4. Interdisciplinary expertise: expanding the CIAO network
On the first day of the workshop, along with the scientific findings, logistical challenges faced by the WGs were presented, such as practical applications of the CIAO outputs still being unclear and needs for more resources as well as for specific expertise. The second day was dedicated mainly to addressing these challenges, as well as how to integrate issues related to virus variants and long-term aspects (long COVID) into the project. The best way to re-use AOP elements (KE and KERs) was also addressed. Clemens Wittwehr presented plans for an outreach campaign scheduled to start in May-June that will aim at attracting more contributing members to the crowd but also potential users of the CIAO knowledge. Following that, participants chose among several breakout (BO) groups to discuss the topics, then came back to present findings and discuss steps moving forward.

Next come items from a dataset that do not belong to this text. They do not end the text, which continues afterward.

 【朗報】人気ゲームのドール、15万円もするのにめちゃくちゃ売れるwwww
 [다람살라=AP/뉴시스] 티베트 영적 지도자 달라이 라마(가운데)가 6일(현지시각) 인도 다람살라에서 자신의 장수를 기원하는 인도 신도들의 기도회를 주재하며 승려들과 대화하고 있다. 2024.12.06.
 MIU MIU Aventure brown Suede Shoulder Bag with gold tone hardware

4.1. Breakout (BO) findings
BO 1: Integrate SARS-CoV2 variants and long COVID
This BO focused on understanding the effects and mechanisms of long COVID. There was some discussion about the potential evolution of the virus and the new variants appearing worldwide. That led to a suggestion to broaden the scope to vaccination issues, as well as the need for long-term longitudinal studies. The term “temporal phenotyping”, which refers to how a particular phenotype evolved over time, was suggested as an interesting way to explore COVID-19-related AOP networks. When considering the temporal aspect, factors such exposure, diet, etc. could be AOs or MFs. The spatial scale was also considered important and this could be particularly relevant for the different variants. The BO expressed interest in creating a 3D matrix and suggested the creation of a dynamic animation for AOPs to depict and understand temporal scales. The different scales would likely require the incorporation of different types of networks and approaches, both computationally and expert-driven. It would also be of great importance to consider how to organize and manage the data that is being gathered to develop AOPs.

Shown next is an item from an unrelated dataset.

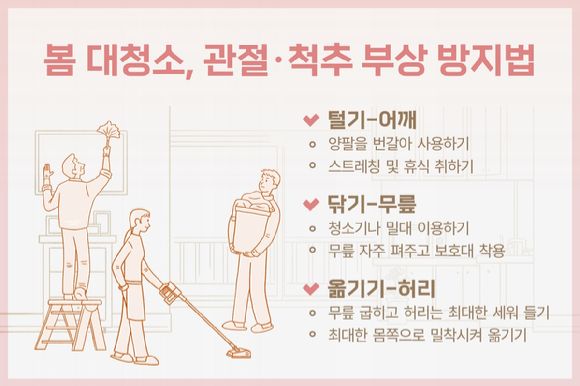 털고, 닦고, 들어 옮기는 과정에서 어깨, 무릎, 허리 등에 무리가 올 수 있다. 관절과 척추 등 뼈 부담을 줄여야 한다.
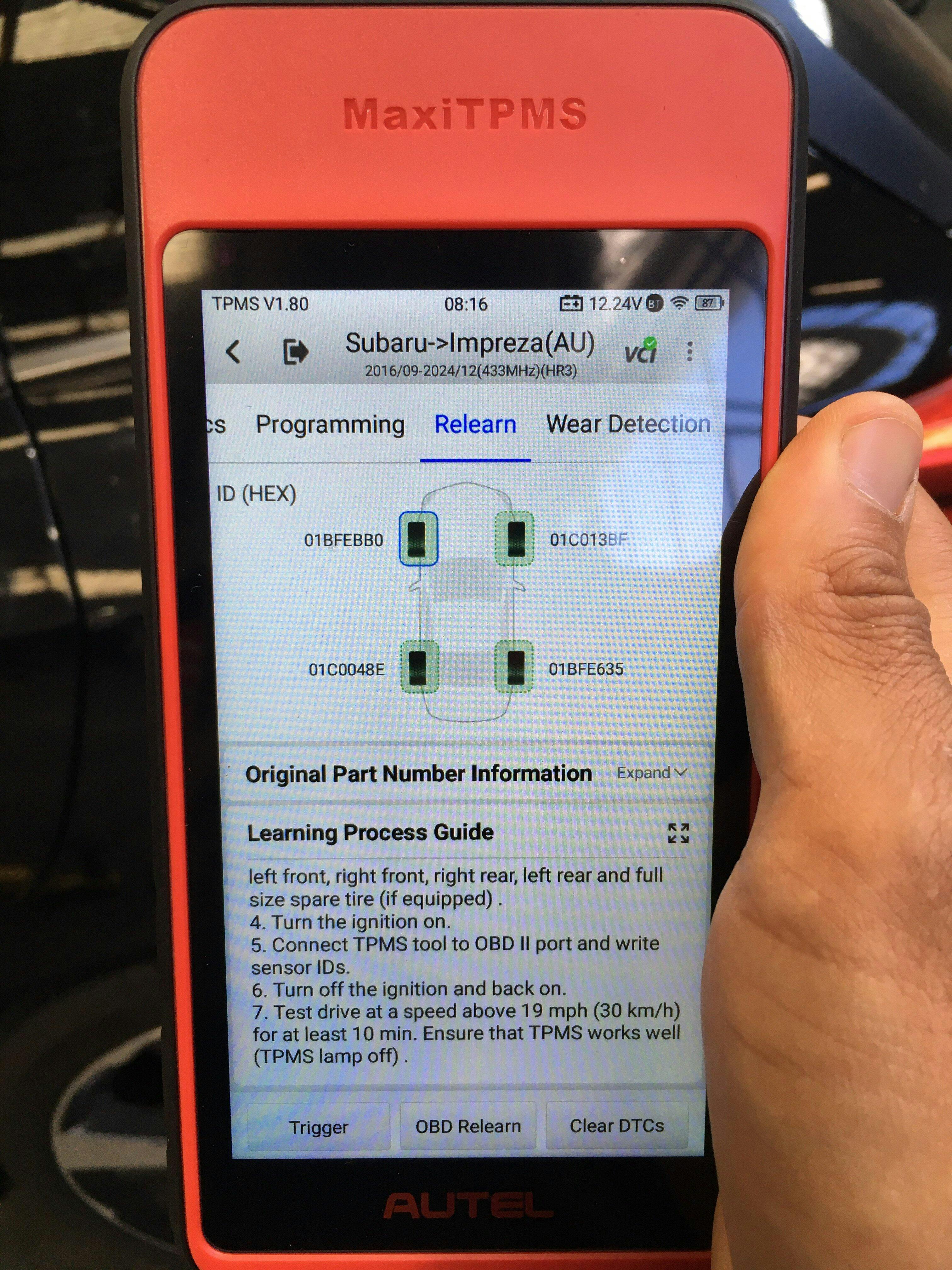 Automatic Relearn: For some vehicles, the Relearn function can be completed automatically by driving, which makes it quite easy to do a complete set of sensor replacement operations on your own.

BO 2: How to broaden the crowd
This BO group was tasked with discussing how to bring in more expertise to the CIAO project. It was discussed that expertise is needed in specific areas, particularly where evidence is contradictory. It may be suitable to determine expertise gaps systematically, e.g., through a survey disseminated to all CIAO participants. It may also be helpful to first determine what expertise we already have within each WG. A list of CIAO participants could be created along with brief biosketches (biographical sketches are used to describe an individual’s qualifications and experience). It was then discussed how novel expertise could be brought in in varying capacities. External experts could be brought in to advise the project on an ad hoc basis. Full-level participation still may be needed in some areas, which may require another round of CIAO crowd recruitment. Trainees with less experience could be offered well-defined work, allowing them to gain valuable research experience, authorship, and experience in participating in a global collaboration. The BO group then discussed how to identify expertise. Authors from relevant papers are an obvious choice. The CIAO crowd may also want to reach out to other groups focusing on COVID-19 (Annex B5), and the project should continue to be promoted at conferences. Lastly, there is a need to make a pitch selling the crowd’s broad expertise as well as the unique application of the AOP framework to COVID-19 pathogenesis and multiscale impact. It would help to have professional communications and promotional materials such as a website, social media and videos.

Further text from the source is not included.